En las escuelas los comedores escolares, que no son de acceso universal, fueron remplazados por el reparto de bolsones cada quince días con escasísimos productos que no cubren una dieta mínima y mucho menos, saludable . Un gran porcentaje de la comunidad educativa carece de las condiciones básicas para garantizar la escolaridad de los niños y adolescentes, algo que la mera apertura de las escuelas tampoco resolverá. Para recuperar la degradación educativa, deben garantirse también las condiciones materiales básicas de vida de la comunidad educativa.

La burocracia sindical

Varios sectores de la burocracia sindical docente, especialmente Ctera, han señalado que rechazarían volver a las aulas sin las garantías necesarias, pero la respuesta no es contra el gobierno nacional que no las garantiza sino contra Macri y Cambiemos. La burocracia sindical de Ctera, que ha dejado pasar todos los ataques que han llevado a esta degradación educativa, sale así en una contra campaña en favor del gobierno peronista, lo que ha llevado a Trotta y al gobernador bonaerense Axel Kicillof a garantizar que abrirán las escuelas. ¿Qué diferencia de condiciones sanitarias, materiales, edilicias fundamentan que se pueda regresar en la provincia? Ninguna. Sólo que una vez más la burocracia sindical docente entrega a la educación y a sus trabajadores por su cooptación al gobierno nacional y provincial.

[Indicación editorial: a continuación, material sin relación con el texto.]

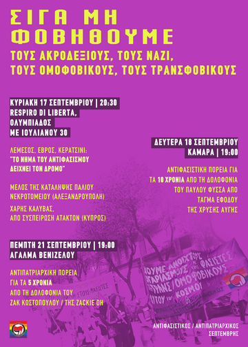 - Στην αντιπατριαρχική πορεία για τα 5 χρόνια από τη δολοφονία του Ζακ Κωστόπουλου/της Zackie Oh - Πέμπτη 21 Σεπτεμβρίου, 7μμ, Άγαλμα Βενιζέλου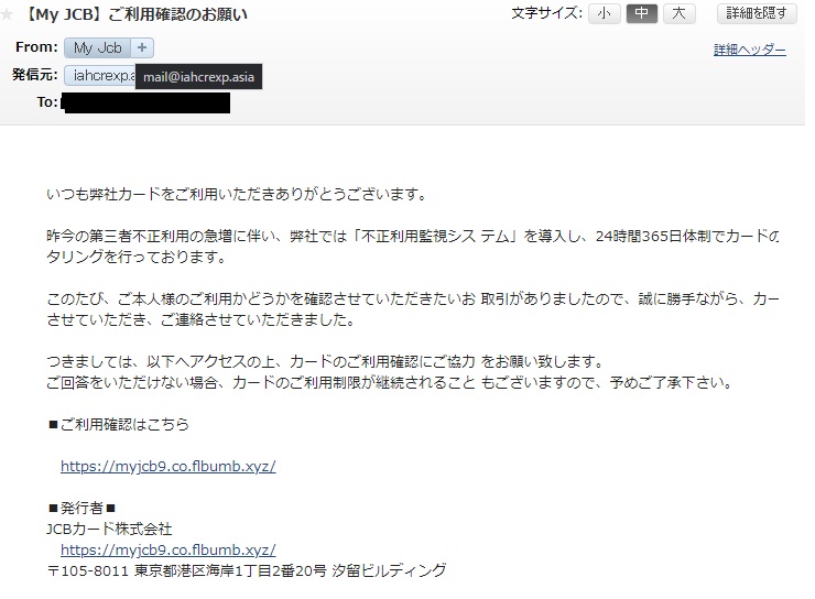 多くのフィッシングメールが差出人に正規のメールアドレス (ドメイン) を使用した「なりすまし」メールであることを確認しています。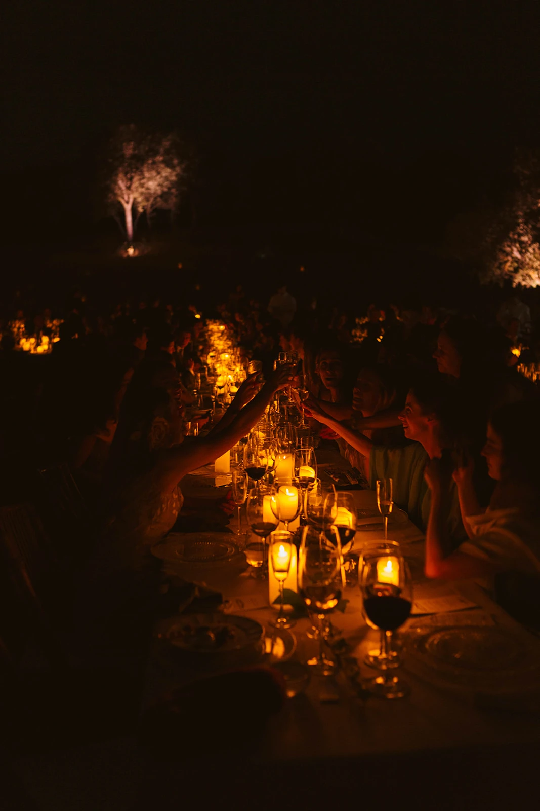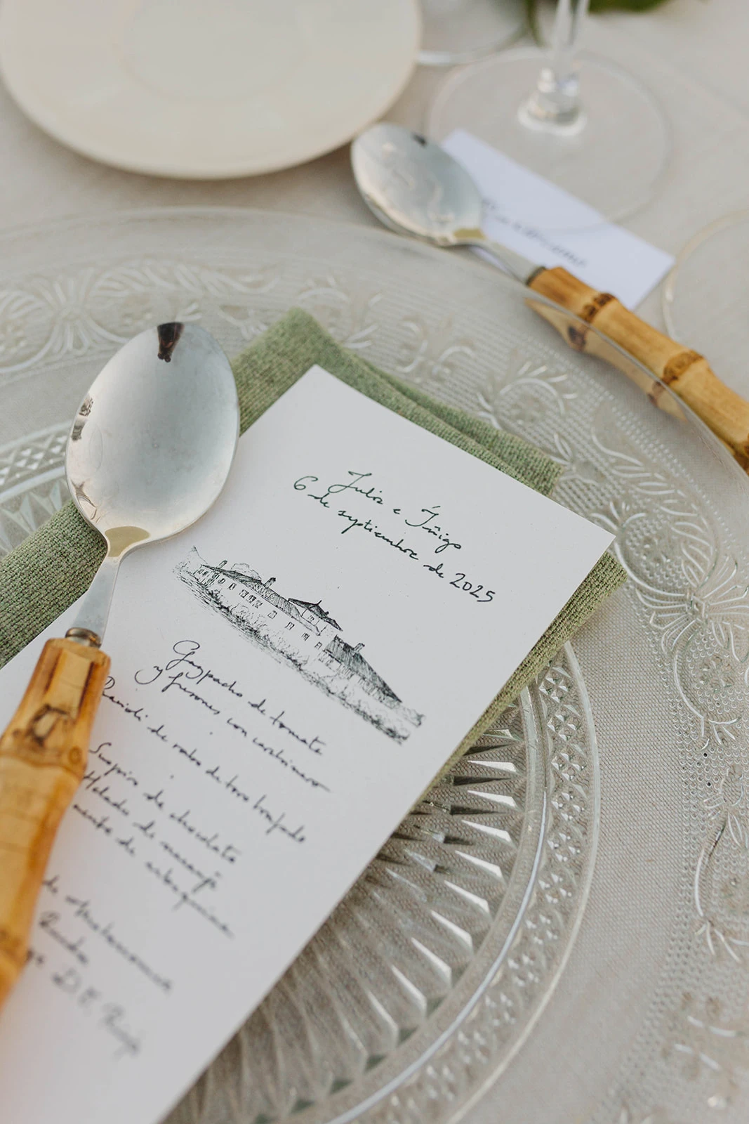 De la decoración también se encargó el vivero Las Jaras: «Fue idea de mi madre que los centros de mesa fueran hojas de parra con uvas y velas para iluminar la zona. Los meseros los escribí yo a mano y en el menú de las mesas puse un dibujo que hizo mi madre de la casa, ella fue la arquitecta».

La educación y la presencialidad reclaman una salida obrera de conjunto

Revertir esta degradación de la educación popular plantea a la escuela pública como un terreno agudo de lucha de clases. En ella chocan las políticas de hambre, de despidos masivos, de precarización laboral y educativa, de salarios de pobreza –incluidos los docentes-, de enfermedad, con las luchas y reclamos del conjunto de los trabajadores, contra un régimen social capitalista que destruye fuerzas productivas y materiales para rescatar al capital.

Tribuna Docente, la Unión de Juventudes por el Socialismo, el Polo Obrero y el Partido Obrero toman la causa educativa como una lucha de todos los sectores explotados y plantean un programa que privilegie las necesidades y el interés de la población trabajadora y un plan de lucha común, por:

Becas Progresar sin restricciones de $10.000 para todos los estudiantes para garantir su escolarización, actualizadas por inflación. Para los estudiantes que trabajan, 4 horas en la escuela, 4 horas en la fábrica, sostenidas por la patronal.

Cobertura alimentaria que garantice las condiciones nutricionales en todos los niveles educativos, en todas las escuelas y barrios

Subsidio de $30.000 para las madres y los padres desocupados, actualizado por inflación.

Salario básico nacional por encima de la línea de pobreza, hoy equivalente a $55.000, y respeto a las categorías del estatuto docente y a los ítems correspondientes por zonas desfavorables, actualizado por inflación. Garantía salarial equivalente a un cargo para los miles de docentes desocupados.

Duplicación del presupuesto educativo, bajo control de la comunidad educativa.

Servicio de trasporte escolar público gratuito, que garantice los protocolos de seguridad y de salubridad en los traslados.

Aumento de los cargos docentes, respetando las condiciones de los estatutos docentes, para cubrir la vuelta segmentada a las aulas y/o la continuidad virtual, y poner en pie una verdadera movilización educativa para reintegrar y recuperar contenidos con los millones de alumnes que tuvieron dificultades o no pudieron mantener la continuidad pedagógica.

Plan nacional de refacción y construcción de todas las escuelas necesarias para abordar la actual emergencia sanitaria y educativa, bajo control de la comunidad . Equipos y conectividad gratuitos para alumnes y docentes

Comités de seguridad, higiene y salubridad electos, de docentes, padres y estudiantes, que fiscalicen las condiciones mínimas necesarias para la apertura de las escuelas. Vacunación universal ya. Cobertura de todas las necesidades sanitarias de la comunidad educativa.

Por un impuesto a las grandes fortunas como el presentado por el FIT-U.

No al ajuste. No al pago de la deuda externa y a cualquier pacto con el FMI.

Nacionalización del sistema educativo, bajo control de la comunidad educativa

Por una educación de formación integral de la clase obrera y al servicio de su emancipación social y política.